[Given records]:

┌──

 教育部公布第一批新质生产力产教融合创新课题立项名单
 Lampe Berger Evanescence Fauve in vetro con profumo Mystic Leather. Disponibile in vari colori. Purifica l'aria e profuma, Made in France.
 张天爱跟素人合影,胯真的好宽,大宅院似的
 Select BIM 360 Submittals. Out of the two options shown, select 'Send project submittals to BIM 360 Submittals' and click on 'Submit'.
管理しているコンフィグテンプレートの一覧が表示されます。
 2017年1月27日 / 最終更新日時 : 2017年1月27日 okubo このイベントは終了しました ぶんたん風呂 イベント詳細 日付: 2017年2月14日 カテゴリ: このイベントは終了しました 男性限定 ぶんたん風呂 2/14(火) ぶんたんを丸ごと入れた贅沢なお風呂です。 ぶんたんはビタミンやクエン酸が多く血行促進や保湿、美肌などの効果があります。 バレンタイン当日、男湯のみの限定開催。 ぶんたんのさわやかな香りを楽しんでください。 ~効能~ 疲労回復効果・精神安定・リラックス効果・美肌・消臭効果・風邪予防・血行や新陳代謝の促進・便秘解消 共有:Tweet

└──
┌──

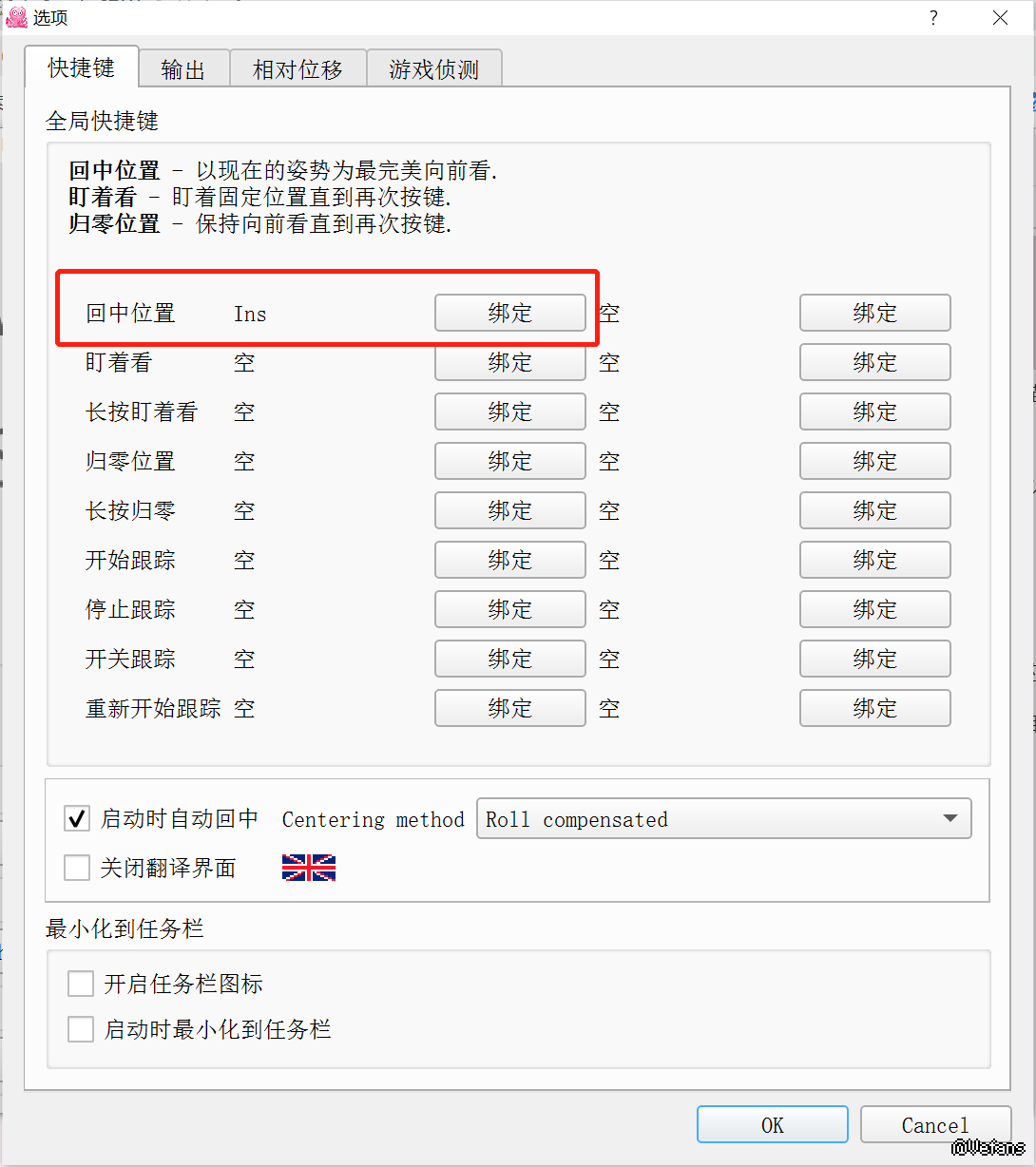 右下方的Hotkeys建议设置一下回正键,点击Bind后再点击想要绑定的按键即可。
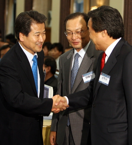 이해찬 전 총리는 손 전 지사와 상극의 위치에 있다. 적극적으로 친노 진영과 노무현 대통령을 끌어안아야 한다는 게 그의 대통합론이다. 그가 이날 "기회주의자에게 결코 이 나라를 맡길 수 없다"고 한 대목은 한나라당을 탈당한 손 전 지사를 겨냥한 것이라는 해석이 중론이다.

└──
┌──

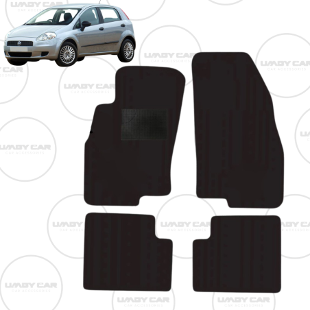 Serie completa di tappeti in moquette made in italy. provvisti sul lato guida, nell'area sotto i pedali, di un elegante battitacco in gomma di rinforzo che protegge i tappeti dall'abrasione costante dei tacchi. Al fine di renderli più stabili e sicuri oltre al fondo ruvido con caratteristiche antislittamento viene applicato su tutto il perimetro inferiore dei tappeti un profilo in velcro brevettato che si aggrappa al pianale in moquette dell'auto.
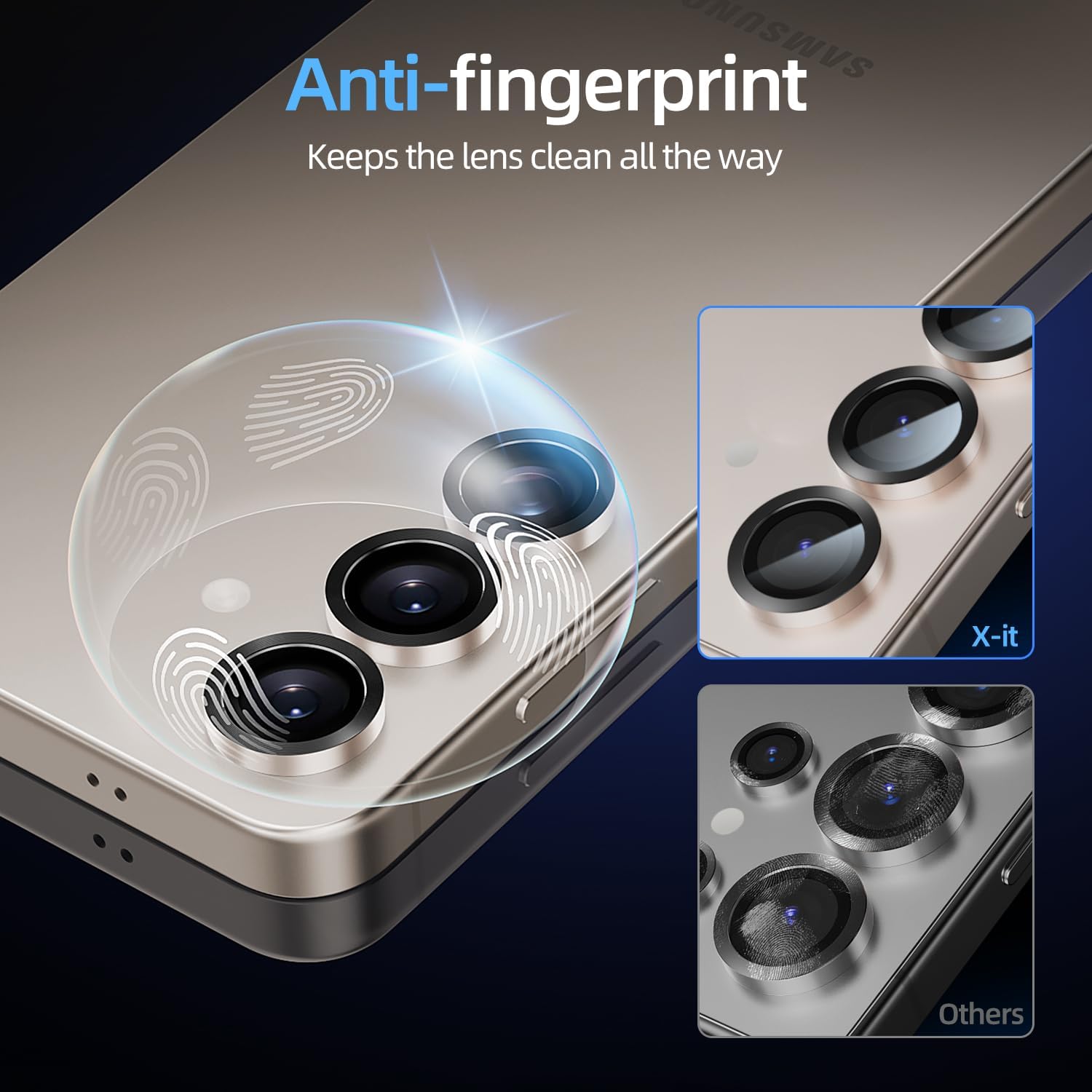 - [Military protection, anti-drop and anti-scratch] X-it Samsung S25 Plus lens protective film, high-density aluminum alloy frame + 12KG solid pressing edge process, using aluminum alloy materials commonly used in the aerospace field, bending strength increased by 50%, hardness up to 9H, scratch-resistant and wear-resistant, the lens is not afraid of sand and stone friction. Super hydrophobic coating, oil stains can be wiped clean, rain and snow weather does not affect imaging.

└──

[Work required]: Of all the material above, only the lines from the one that has "右下方的Hotkeys建议设" down to the one that has "이해찬 전 총리는 손" are to be written out, exactly and with both ends included. Pictures are skipped.

[Output for this exercise]:
 右下方的Hotkeys建议设置一下回正键,点击Bind后再点击想要绑定的按键即可。
 이해찬 전 총리는 손 전 지사와 상극의 위치에 있다. 적극적으로 친노 진영과 노무현 대통령을 끌어안아야 한다는 게 그의 대통합론이다. 그가 이날 "기회주의자에게 결코 이 나라를 맡길 수 없다"고 한 대목은 한나라당을 탈당한 손 전 지사를 겨냥한 것이라는 해석이 중론이다.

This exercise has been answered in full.